Kut Chik (กุดจิก, /th/) is a tambon (subdistrict) of Sung Noen district, Nakhon Ratchasima province, northeastern Thailand.

==History==
Historically, there were locals, immigrant Chinese, merchants who settled down at Kut Chik. It was an important economic zone of Nakhon Ratchasima and Sung Noen. The northeastern railway has passed here since the King Chulalongkorn (Rama V)'s era, the economic growth was prosperous. The old Chinese or locals had a trading here.

Kut Chik in the late 1980s and the early 1990s, market opened early in the morning to evening. The area behind Kut Chik railway station that were all farming zones and the rice mill was nearby. Farmers delivered their crops on the rail to Bangkok. The railway at that time was considered the most important transportation route because there is no Mittraphap Road (Highway 2), railway as a main lifeblood of local economic growth. People traveling to bring agricultural produce to sell either in Korat (Nakhon Ratchasima city) or Bangkok must travel through here.

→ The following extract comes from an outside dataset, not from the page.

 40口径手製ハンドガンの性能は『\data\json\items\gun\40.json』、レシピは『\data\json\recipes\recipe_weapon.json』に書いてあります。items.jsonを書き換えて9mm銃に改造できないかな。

During the Second World War, Chinese merchants in Korat moved here to seek refuge from the bomb. They came to stay Kut Chik from time to time and when it's time for important festivals many of them still come back to pay their respects. Kut Chik has many Chinese joss houses.

==Geography==
Kut Chik is regarded as an area with fertility suitable for cultivation because there is a Lam Takhong river flowing through. So, Kut Chik have full of water and can farm rice throughout the year.

==Economy==
Farming is the main occupation of the Kut Chik people. In the olden days, farmers can grow rice cultivation only in season. Now they can grow rice five times in two years. The rice cultivation goes well. When the economy grows, as a result, people have better living conditions and status. Parents can afford to send their children to school. New generation then had higher education and worked as government officials. That makes the area of Kut Chit have a large proportion of the population with government jobs and instructors.

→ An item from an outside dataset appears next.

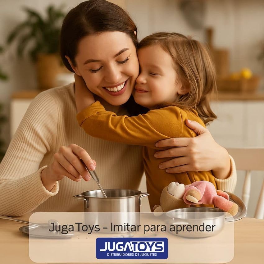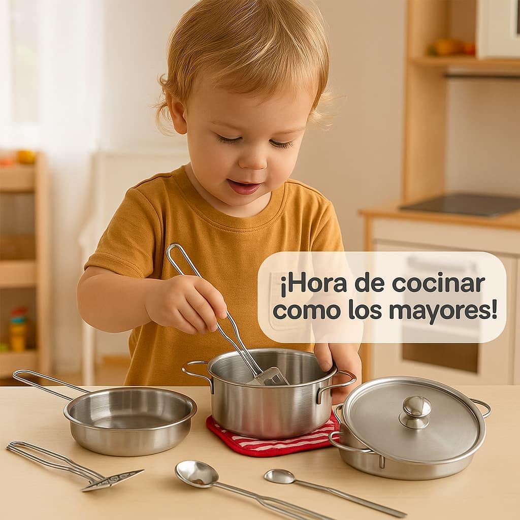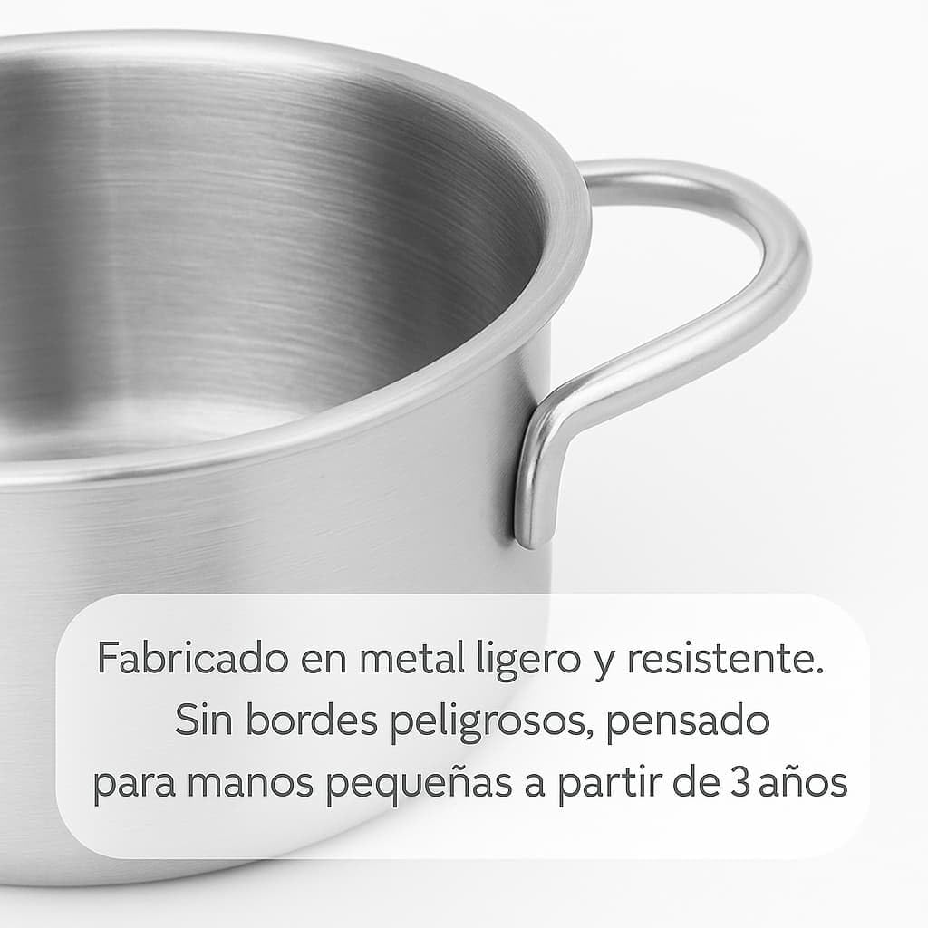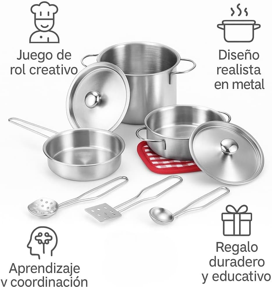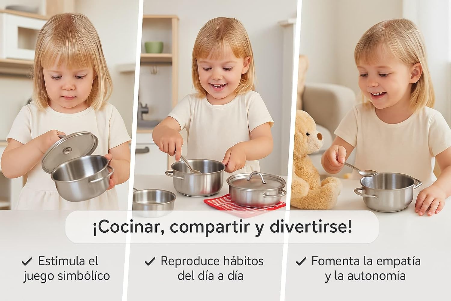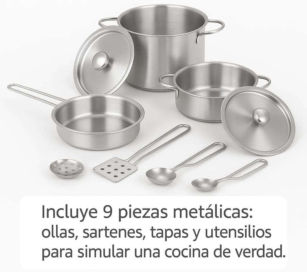 Set completo di stoviglie per bambini con 9 pezzi in metallo: include pentola grande con coperchio, casseruola, padella, pentola bassa con coperchio, schiumarola, mestolo, spatola metallica, pinza in tessuto e altro ancora. Un giocattolo perfetto per bambini e ragazze dai 3 anni in su per sviluppare la loro creatività in cucina mentre imitano gli adulti. Include 3 utensili da cucina in legno per la rimozione degli alimenti, ideali per completare l'esperienza del gioco simbolico. I bambini possono mescolare, servire e cucinare realisticamente come veri chef. Perfetto per rafforzare la coordinazione occhio-mano e le capacità motorie fini, divertendosi. Design esclusivo e realistico di JugaToys, realizzato in acciaio inossidabile di alta qualità. Tutti gli utensili e gli accessori sono progettati per resistere all'uso quotidiano nel gioco, senza bordi taglienti o parti pericolose. Materiali sicuri e durevoli che garantiscono ore di divertimento. Ideale come complemento per qualsiasi cucina per bambini o gioco di ruolo da chef. Questo set di stoviglie consente a ragazzi e ragazze di imparare mentre giocano, simulando compiti di cucina come bollire, friggere o servire cibo immaginario. Include una pinza in tessuto per un maggiore realismo. Adatto per bambini e ragazze dai 3 anni in su, favorisce la creatività, l'autonomia e il gioco collaborativo. Perfetto come regalo per compleanno, Natale o qualsiasi occasione speciale. Dimensioni del set: 30 x 10 x 20 cm, facile da riporre e trasportare.

In the past, it was economic town which based on farms, however, there are more factories in local presently. As a result, there are more workers with fewer farmers.

==Administration==
Kut Chik is administered by two local governments, the Subdistrict Administrative Organization (SAO) Kut Chik (องค์การบริหารส่วนตำบลกุดจิก) and Municipality of Kut Chick (เทศบาลตำบลกุดจิก), they consisting of parts of subdistrict Kut Chik as well as some parts of neighbouring area Na Klang.

Kut Chik also consists of two muban (village).

==Local product==
Kut Chik is the origin of Mi Korat, the unique rice noodle of Nakhon Ratchasima. These rice noodles are made from broken rice grown in Kut Chik. It is a long-standing occupation of more than 100 years, presumably influenced by the Chinese food of the immigrant Chinese. Every production process is made by hand and charcoal stove.

At present, there is only one household left of the rice noodle makers.